Thursday, March 31, 2011

Edited Volume: Reclaiming the Soul: Thinking Beyond the Body in Renaissance England, 30 April 2011

Call for Chapters – Edited Volume
Working Title: Reclaiming the Soul: Thinking Beyond the Body in Renaissance England
Editors: Drs. Sarah E. Johnson, Johnathan H. Pope, and Deanna Smid
This book aims to provide a comprehensive engagement with discussions and representations of the soul in Renaissance England. The recent abundance of body criticism has enriched our understanding of corporeality during the period. Despite the centrality of the soul to discourses of the body, however, the soul has received relatively little scholarly attention and has often been relegated to foregone conclusions even as scholarship on the minutiae of the body continues to proliferate. This book will focus on the wide variety of lively debates that were taking place in sixteenth- and seventeenth-century England in an effort to ‘reclaim the soul’ as a productive and multi-faceted subject of inquiry that informed Renaissance understandings of the self, the body, and one’s relationship with other selves and bodies.
In this book we are interested in perspectives on the soul that reflect the scope of the discourse in Renaissance England. We encourage submissions that address the representation of the soul in all types of writing from approximately 1558 to 1660, but particularly in literary texts as the site on which these debates played out. We are interested in all theoretical approaches, and interdisciplinary chapters are also welcome.
Topics may include but are not limited to:
  • the soul in medical and/or anatomical texts
  • the soul-body dialectic
  • devotion and the soul
  • denominational debates over the soul
  • the soul and subjectivity/selfhood
  • the soul and class
  • imagining the soul
  • mortalism/the afterlife of the soul
  • superstition about the soul
  • spirits and/vs. ghosts
  • representations of the soul in drama
  • images of the soul in emblem books
  • the soul and the mind
  • soul-body dialogues in poetry
  • gender/sex and the soul
  • the soul in women’s writings
  • the soul and political debate
  • the soul and its attributes/components: imagination, memory, the common sense, appetite, passions, reason
  • the soul and animals
Please direct proposals and inquiries to the editors at: reclaimingthesoul@gmail.com
Proposals of approximately 300 words along with a short CV should be attached as .doc, .docx, or .rtf files. Please include contact information along with your submission. Proposals must be received by April 30th, 2011. Completed chapters of approximately 6000 words from authors whose proposals have been selected will be due by September 30th, 2011. Publication of all material will be subject to publisher approval.
The Editors
Dr. Sarah Johnson is revising her dissertation on women and the soul-body divide in Jacobean drama for book publication. Her current research focuses on women’s writing and shifting ideas about the soul-body dynamic in Interregnum and Restoration literature. Sarah is Assistant Editor with Early Theatre. This summer she is taking up a SSHRC postdoctoral fellowship at Queen’s University. Her publications include articles on The Witch of Edmonton and on The Birth of Merlin and The Devil Is an Ass.

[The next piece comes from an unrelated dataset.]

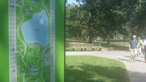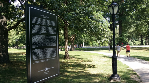 Today, there’s not much of anything on the surface left of Seneca Village. As noted, Columbia has undertaken an archaeological dig at the site, and the city has erected a small plaque at the site. Not many people, we observed, took the time to read the sign on the day of our visit. But that may have been because it was a warm summer’s day and no one except takings nerds were all that interested in historical details. The nearby water fountain received more attention.

Dr. Johnathan Pope is currently a CLT Assistant Professor in the Department of English at St. Francis Xavier University. He has recently published articles on the anatomist John Banister and the emblematist Francis Quarles. He is currently revising his dissertation, “An Anatomy of the Soul in English Renaissance Religious Poetry,” for publication.
Dr. Deanna Smid is currently a part-time instructor in the Department of English at Redeemer University College. Her dissertation, “‘The World in Man’s Heart’: The Faculty of Imagination in Early Modern English Literature,” analyzes the characteristics and necessity of imagination in Renaissance texts. Her research interests also include emblems and science fiction, two areas in which she has recently published articles. She will be taking up a SSHRC postdoctoral fellowship at the Centre for Reformation and Renaissance Studies at the University of Toronto this summer.